20年前の禁じ手再び ゴーン弁護団、過剰な保釈条件

まとめると

 カルロス・ゴーン被告の保釈が、住まいに監視カメラを付け、ネットもメールも使えなくする条件で認められた。

 

 これは、高野隆弁護士が20年前に使った「禁じ手」とのこと。

 

 一方で、東京地検の久木元伸次席検事は保釈条件について「実効性がない」との見解を示した。

 

必要的保釈

刑事訴訟法 第八九条[必要的保釈と例外事由]

 保釈の請求があつたときは、次の場合を除いては、これを許さなければならない
一 被告人が死刑又は無期若しくは短期一年以上の懲役若しくは禁錮に当たる罪を犯したものであるとき。

四 被告人が罪証を隠滅すると疑うに足りる相当な理由があるとき。


金融商品取引法違反(虚偽記載)

第二四条(有価証券報告書の提出)

有価証券の発行者である会社は、…事業年度ごとに、…有価証券報告書…を、…内閣総理大臣に提出しなければならない。

 

第一七二条の四(虚偽記載のある有価証券報告書等を提出した発行者等に対する課徴金納付命令)

 発行者が、重要な事項につき虚偽の記載があ…る有価証券報告書等…を提出したときは、内閣総理大臣は、…当該発行者に対し、…課徴金を国庫に納付することを命じなければならない。

 

第一九七条(罰則)

 次の各号のいずれかに該当する者は、十年以下の懲役若しくは千万円以下の罰金に処し、又はこれを併科する。
一 …第二十四条第一項…の規定による有価証券報告書…であつて、重要な事項につき虚偽の記載のあるものを提出した者

 

会社法 第九六〇条(取締役等の特別背任罪)

 次に掲げる者が、自己若しくは第三者の利益を図り又は株式会社に損害を加える目的で、その任務に背く行為をし、当該株式会社に財産上の損害を加えたときは、十年以下の懲役若しくは千万円以下の罰金に処し、又はこれを併科する。
 
三 取締役、会計参与、監査役又は執行役


裁量保釈

刑事訴訟法 第九〇条[裁量保釈と考慮事由]

裁判所は、

① 保釈された場合に被告人が逃亡し又は罪証を隠滅するおそれの程度のほか、

② 身体の拘束の継続により被告人が受ける健康上、経済上、社会生活上又は防御の準備上の不利益の程度

③その他の事情

を考慮し、適当と認めるときは、職権で保釈を許すことができる。

保釈条件

第九三条[保釈保証金、保釈の条件]

保釈を許す場合には、保証金額を定めなければならない。

③保釈を許す場合には、被告人の住居を制限しその他適当と認める条件を附することができる。

適当と認める条件

本条三項にいう「適当と認める条件」とは、被告人の逃亡罪証隠滅等を防止するとともに保釈後の被告人の公判出廷または有罪判決確定後の刑の執確保するための条件を指称し、再犯防止のための条件は包含されていないものと解すべきである。
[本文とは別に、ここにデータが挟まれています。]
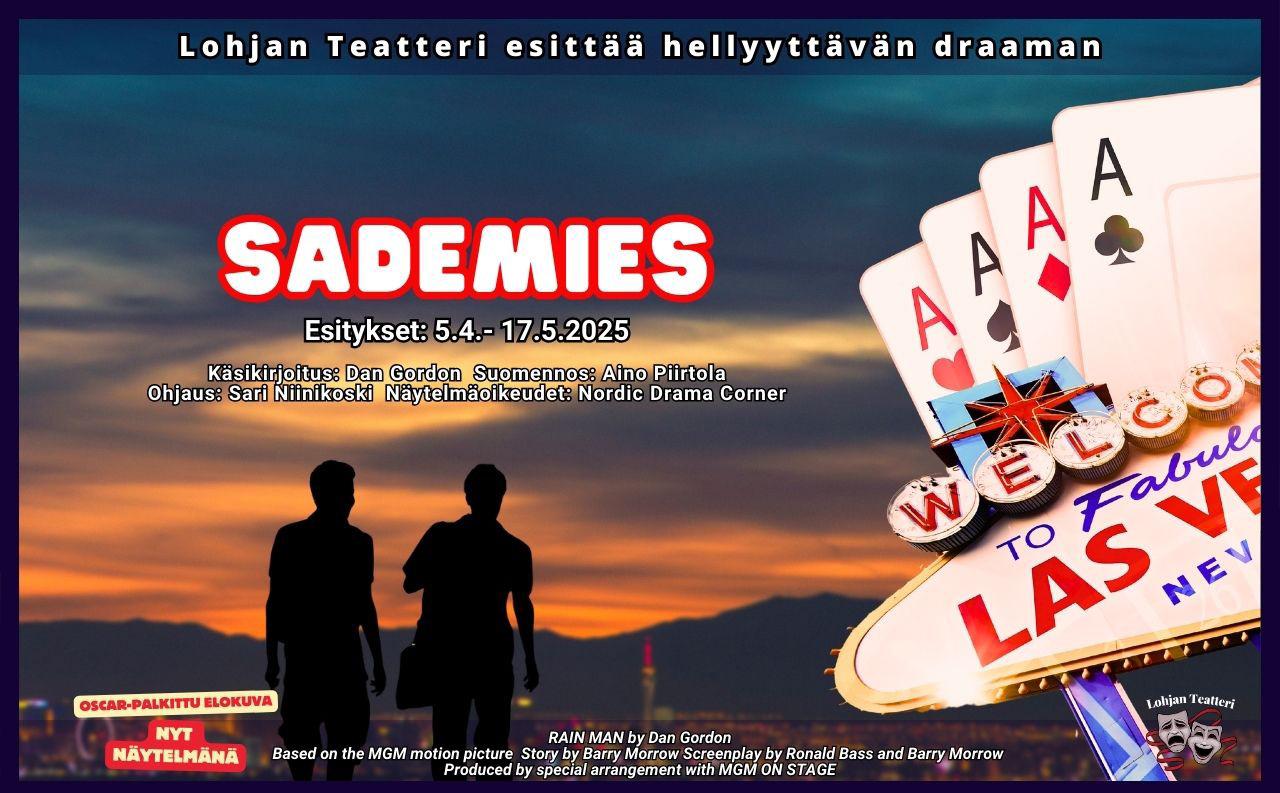 Näytelmä perustuu vuonna 1988 neljällä Oscarilla palkittuun Barry Morrow’n ja Ronald Bassin käsikirjoittamaan elokuvaan. Näytelmä on niittänyt suosiota myös Suomen teattereissa ja ympäri maailmaa. Hellyttävä kasvutarina veljeksistä, erilaisuudesta ja luottamuksesta! Charlie (Aivar Andrejev) on itsekeskeinen liikemies, jonka elämää ohjaa rahan ja menestyksen tavoittelu. Varakkaan perheen poika yllättyy melkoisesti, kun isän kuoltua testamentissa määrätäänkin miljoonaperintö hänen isoveljelleen Raymondille (Esa Koski), jonka olemassaolosta Charlie ei aiemmin ole edes tiennyt. Autistinen Raymond on viettänyt suurimman osan elämästään laitoshoidossa. Charlie ei aio kuitenkaan luopua perinnöstään suosiolla. Yllättävästä road tripistä muodostuu aivan erilainen kuin Charlie kuvitteli. Veljesten tutustuttua Charlie joutuu puntaroimaan, mikä tässä elämässä lopulta on tärkeintä. Tämä draama hymyilyttää, herkistää ja muistuttaa meitä siitä, kuinka tärkeää on ymmärtää erilaisuutta.

(福岡高決昭30・10・21高裁特二━二〇━一〇六一)(高松高決昭39・10・28下刑集六━九・一〇━九九九)

 カルロス・ゴーン被告の保釈条件

1 住居は東京都内に制限。
2 住居の出入り口には監視カメラを設置。
3 海外渡航を禁止。パスポートは弁護人が管理。
4 2泊以上の旅行は裁判所の許可が必要。
5 携帯電話は通話機能のみ使用可。インターネット、メールの使用は不可。
6 監視カメラの映像や携帯電話の通話先記録を東京地裁に提出。
7 インターネット接続のできないパソコンに限り、弁護士事務所内のみで使用可。
8 事件関係者との接触禁止。
9 日産幹部らとの接触禁止。
10 日産取締役会への出席には、裁判所の許可が必要。

 

弁護団は「平日の午前9時~午後5時は弁護士事務所で過ごす」とも提案したが、これは条件に含まれなかった

過剰な保釈条件

20年前の禁じ手

 96年に夫が妻に暴行した事件

 高野隆弁護士らは、▽夫は高野氏が契約したアパートに住む▽平日の午前9時~午後6時は高野氏の事務所で職員として働く▽夜間と土日は弁護人の監督下で生活し、市外に出る時は弁護人が付き添う――と提案。夫は4カ月ぶりに保釈された。

 その後、アパートには18人の弁護士が交代で寝泊まりするなど、保釈にあたって総勢135人の弁護士が協力したという(「夫婦喧嘩に弁護士135名」(萩原氏(萩原猛弁護士?) 季刊・刑事弁護)。

 

7年前の禁じ手

 私も、老齢の男性の強制わいせつ事件で、外出時には必ず妻が付き添い、妻が仕事のため自宅を離れるときは夫が勝手に外出できないように自宅に内側から開けることのできないカギを設置すると提案して、保釈を認めてもらった(正確には息子の自宅を制限住居とする保釈決定後、実際に保釈される前に、夫婦の自宅に制限住居の変更を認めてもらった)ことがありました。

 弁護士が「座敷牢」を作るという提案をするのはおかしいのではないかと悩みましたが、男性は認知症を発症している可能性が高いのに病院に行ったことがなく、裁判開始までに医師の診察をうけさせたかったので、提案をしました。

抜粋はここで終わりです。